Friday, November 19, 2010

Introductory Research Course: Replicate a Paper

The transition to the happy life of a tenured professor meant that I get to be involved in the wonderful part of the job: Getting to sit in school-wide committees.

Fortunately, I was assigned in an extremely interesting committee: We get to examine the PhD program for the school, see the best practices, see what works and what does not, and try to reconcile everything into a set of recommendations for the faculty to examine. The double benefit for me is that I get to understand how the other departments operate in the school, a thing which, for  a computer scientist in a business school, was still kind of a mystery to me.

Anyway, as part of this task, I learned about an interesting approach to teach starting PhD students about research:

A course in which students pick a paper and get to replicate it.



I think this is a great idea. First of all, I am a big fan of learning-by-doing.

For example, to understand how an algorithm works, you need to actually implement it. Not get the code and re-run the experiments. Implement everything, going as deeply as possible. In C, in Java, in Perl, in Python, in MatLab, in Maple, in Stata, it does not matter. For theory, the same thing: replicate the proofs. Do not skip the details. For data analysis, the same. Get your hands dirty.

During such a process, it is great to have someone to serve as a sounding board. Ask questions about the basics. Why do we follow this rule of thumb? What is the assumption behind the use of this method? Asking these questions is much easier while working on replicating someone else's work, rather then when working on your own research and trying to get a paper out.

Myself, I still write code for this very same reason. I need to see how the algorithm behaves. I need to see the small peculiarities in behavior. This observation gets me to understand better not only the algorithm itself but also other techniques that are employed by the algorithm.
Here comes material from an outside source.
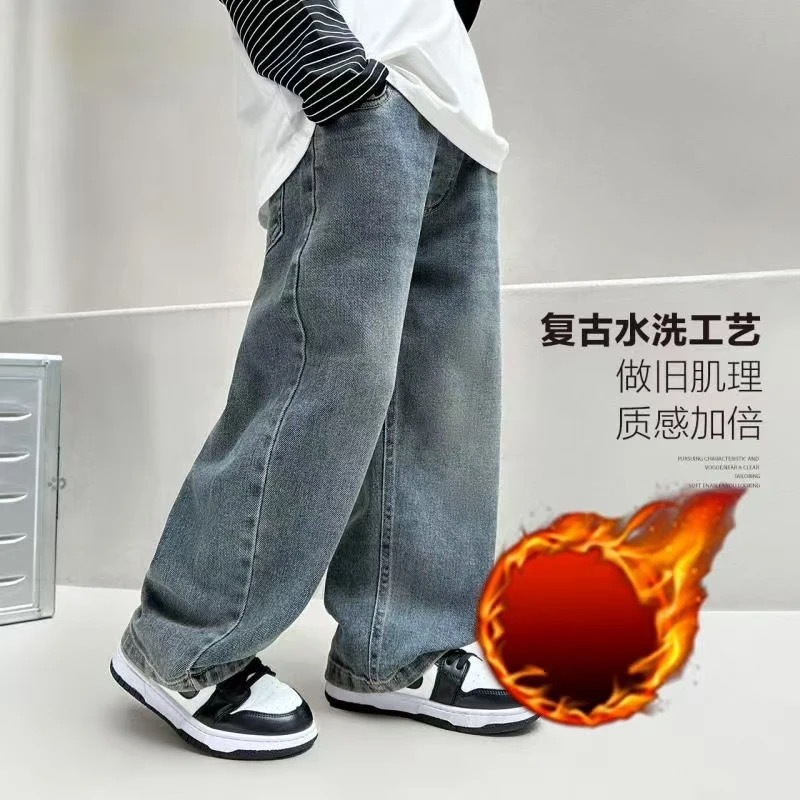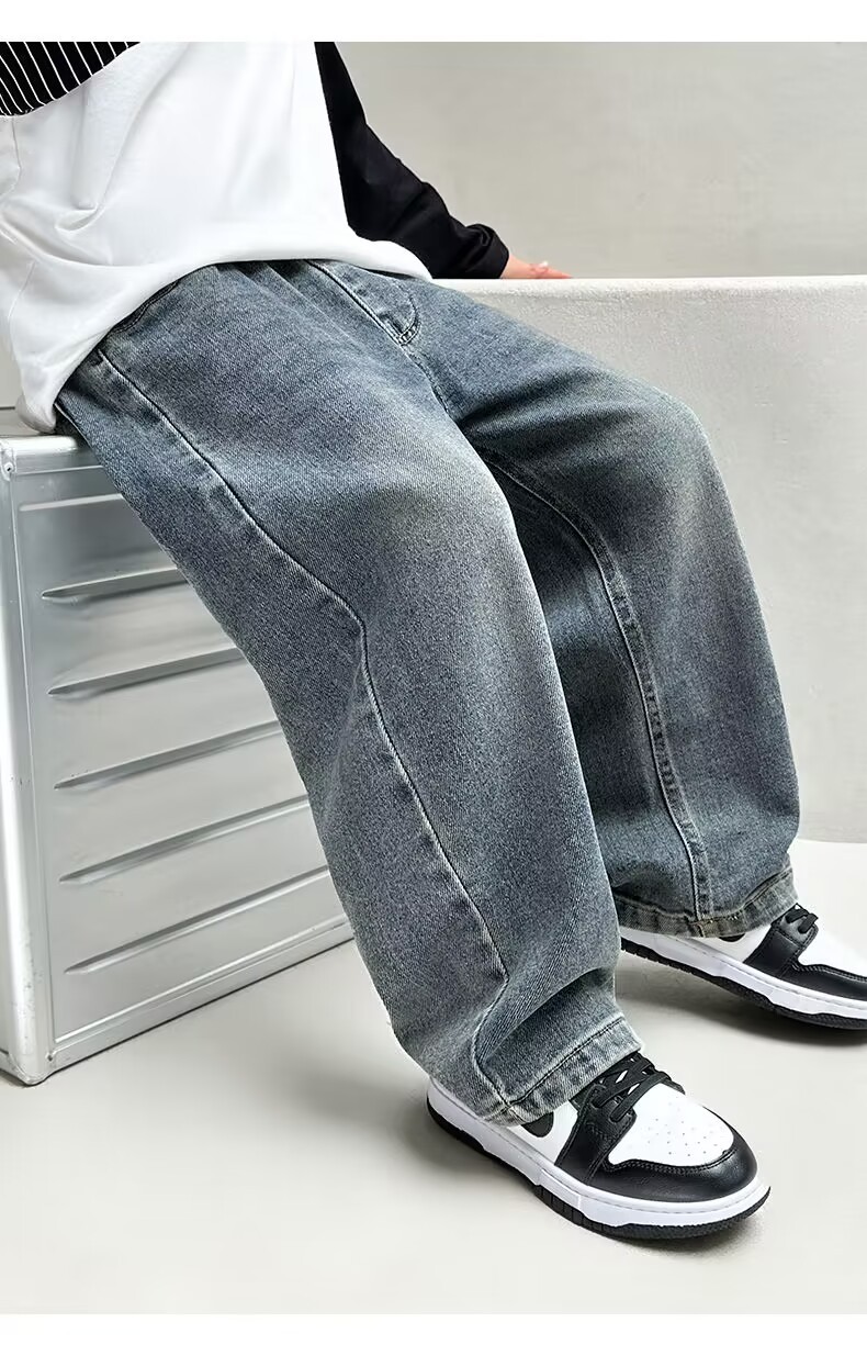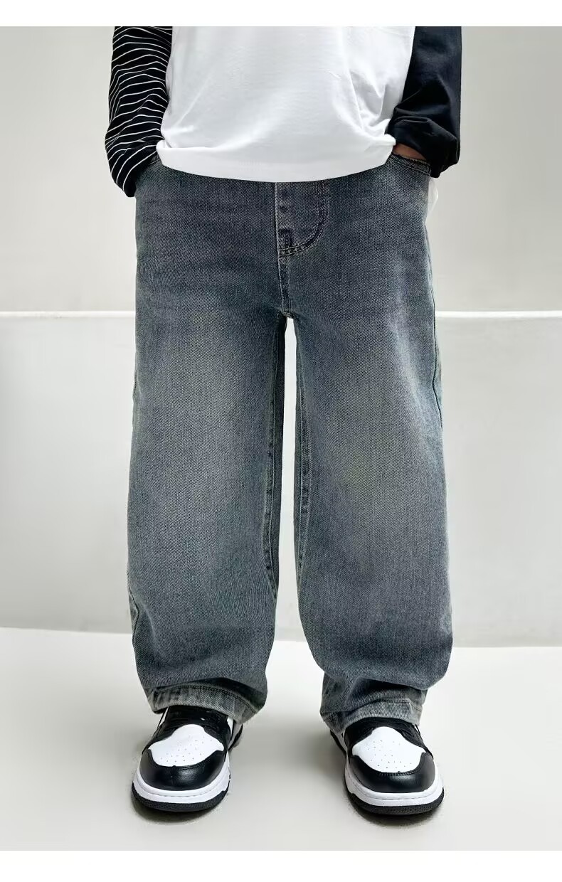 소년 청바지 봄과 가을 빈티지 올 매치 스트레이트 루즈 바지 소년 바지 잘 생긴 미들, 빅 보이의 넓은 다리 바지

I am trying to understand econometrics a little bit deeper the last few months, and I do the same. Frustrating? Yes. Slow? Yes. Helpful? You bet!



So, at the end of the seminar, if the students can replicate the results of the paper, great: They learned what it takes to create a paper and most probably understood deeper a few other topics in the way.

If the results are different than in the original paper, then perhaps this is the beginning of a deeper investigation. Why things are different? Tuning? Settings? Bugs? Perhaps uncovering something not seen by the authors?

Even if the data from the authors are not available, the students should be able to reproduce and get similar results perhaps with different data sets. If the results with different data sets are qualitative different, then the paper is essentially not reproducible. (And replicability is not reproducibility.)

And in any case, no matter if the students can replicate the results or not, no matter if the paper is reproducible or not, the lesson from such an exercise can be valuable.

Often the student who understands better the paper, falls in love with a topic, and gets to learn more and more about the area. Following the footsteps of someone is often the first step to find your own path.



I think this seminar will make it to the final set of recommendations to the school. I am wondering how many other schools have such a course.



Update1: Needless to say, this is a class, not something that students try on their own. Therefore, the professor should pick a set of papers which are educational and useful to replicate. This can be either an easy "classic" paper, or an "important new" result, or even a paper that forces the students to use particular tools and data sources. The students choose from a predefined set, not from the wild.

Update2: Thanks to Jun, a commenter below, we have now a reference to the originator of the idea. Apparently, Gary King has published a paper in 2006, titled ""Publication, Publication", in "Political Science and Politics". From the abstract: "I show herein how to write a publishable paper by beginning with the replication of a published article. This strategy seems to work well for class projects in producing papers that ultimately get published, helping to professionalize students into the discipline, and teaching them the scientific norms of the free exchange of academic information. I begin by briefly revisiting the prominent debate on replication our discipline had a decade ago and some of the progress made in data sharing since."